Energy Efficiency on Track

 

Predictions: 

In this experiment, we slid a wooden block down an aluminum ramp and we measured how much energy was lost to kinetic friction. By making measurements of the velocity and using energy conservation, we calculated the kinetic frictional force and comparing it to the normal force to solve for the coefficient of kinetic friction, μk​

For the experiments with constant angle and varying mass, initial and final velocities provided us with an experimental efficiency of approximately 65%, this means that about 35% of the initial energy was lost because of friction. Linear regression of the kinetic friction vs. normal force data provided an experimental coefficient of kinetic friction of μk≈0.63. For experiments with constant mass and varying angles, μk was even higher, about 1.01. These are significantly higher than the range to be expected for wood on aluminum (0.3–0.6), which means other forces or measurement error had an effect on the results.

Friction was also a major contributor, especially on the inclined track. As the angle increased, the normal force decreased, but energy losses remained high. The frictional force, fk=μkN, did negative work on the block, reducing its kinetic energy. The difference between theoretical and experimental values indicates the necessity of considering all the energy losses, including friction, potential slipping, or irregular contact.

To estimate frictional energy loss, we compared initial and final kinetic energy. The dissipated energy was in agreement with the difference
ΔKE=1/2mvi^2-1/2mvf^2. This can also be employed to calculate the average frictional force back.
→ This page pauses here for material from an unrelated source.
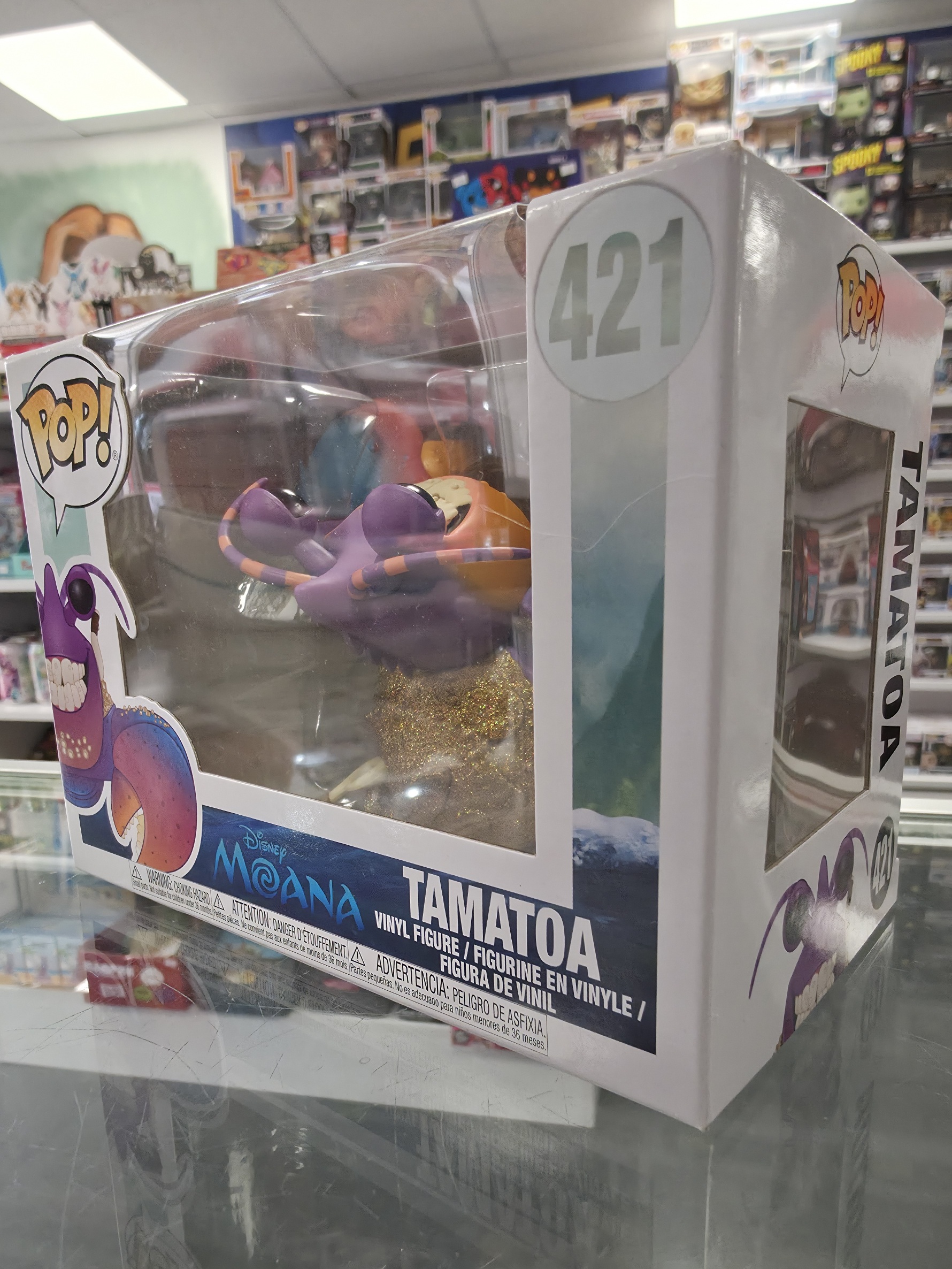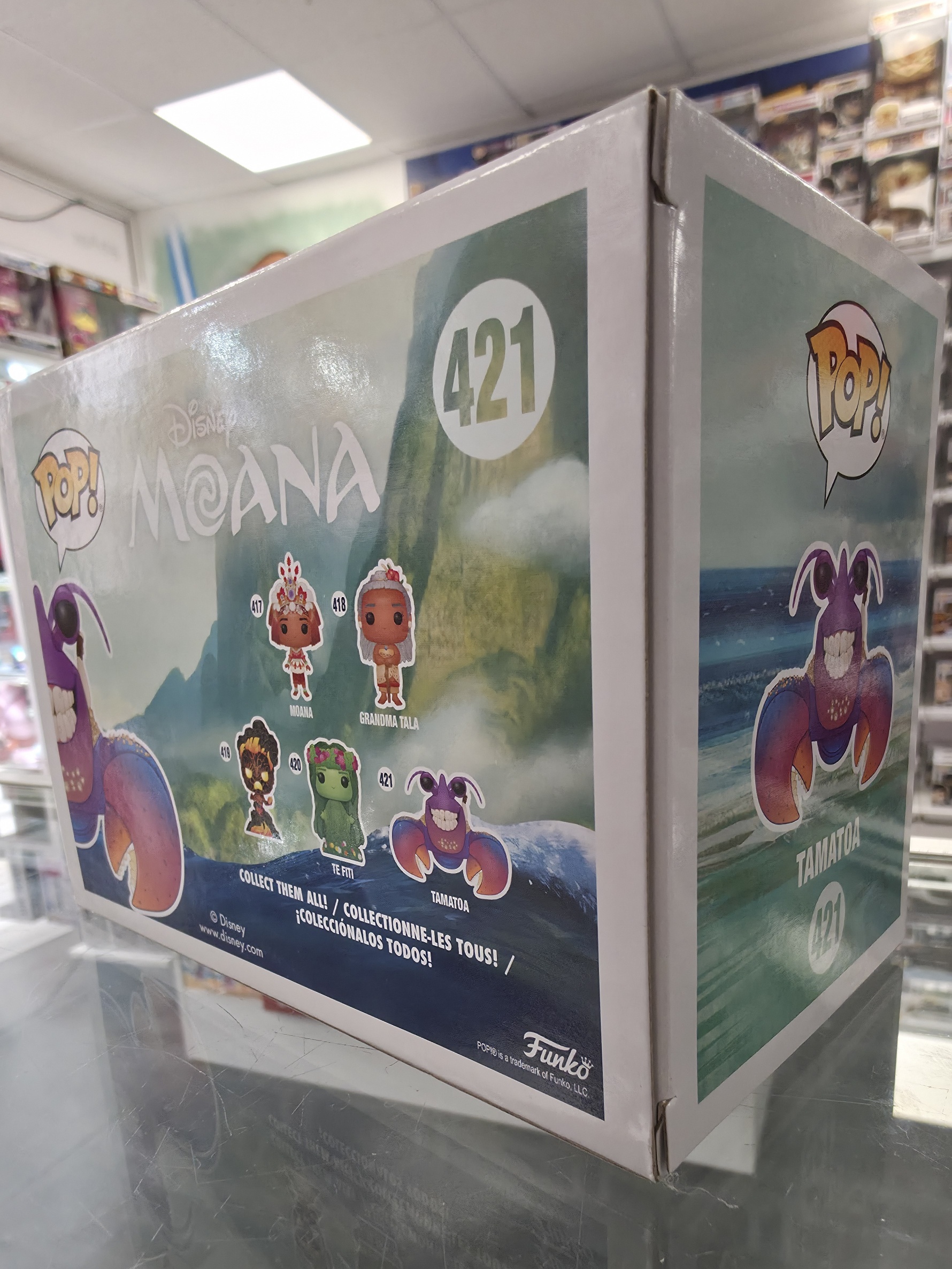 This Pre Loved Disney: Tamatoa Funko POP! Vinyl Figure comes packaged in its original window display box and it's in good condition.
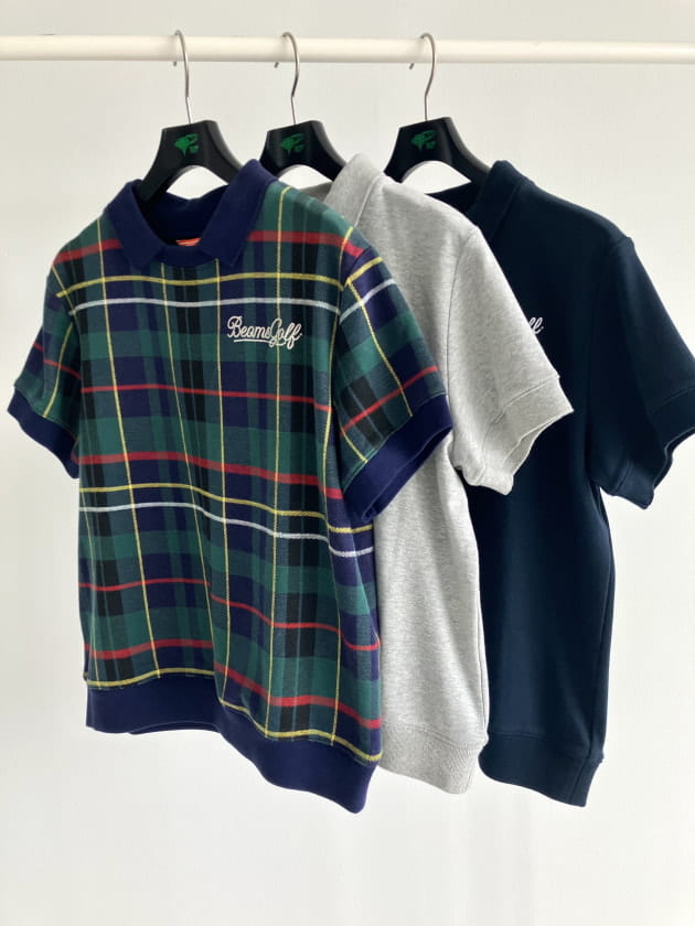 BEAMS GOLF 襟付き チェック 半袖プルオーバー

We estimated the unceartinty using unceartinty propogation from the measured height values and this gave us a velocity unceartinty which is about +/-0.44.  

In short, our experimentally found coefficients of kinetic friction were in the range of 0.63 +/-0.44 to 1.01 +/-0.44, indicating significant energy loss to friction. These results serve to highlight the importance of precise measurement of velocity and attention to friction in investigating systems on inclines. Though error is unavoidable, multiple trials, video analysis, and more thorough inspection of track and block surfaces would improve accuracy and move results closer to conforming with theoretical predictions.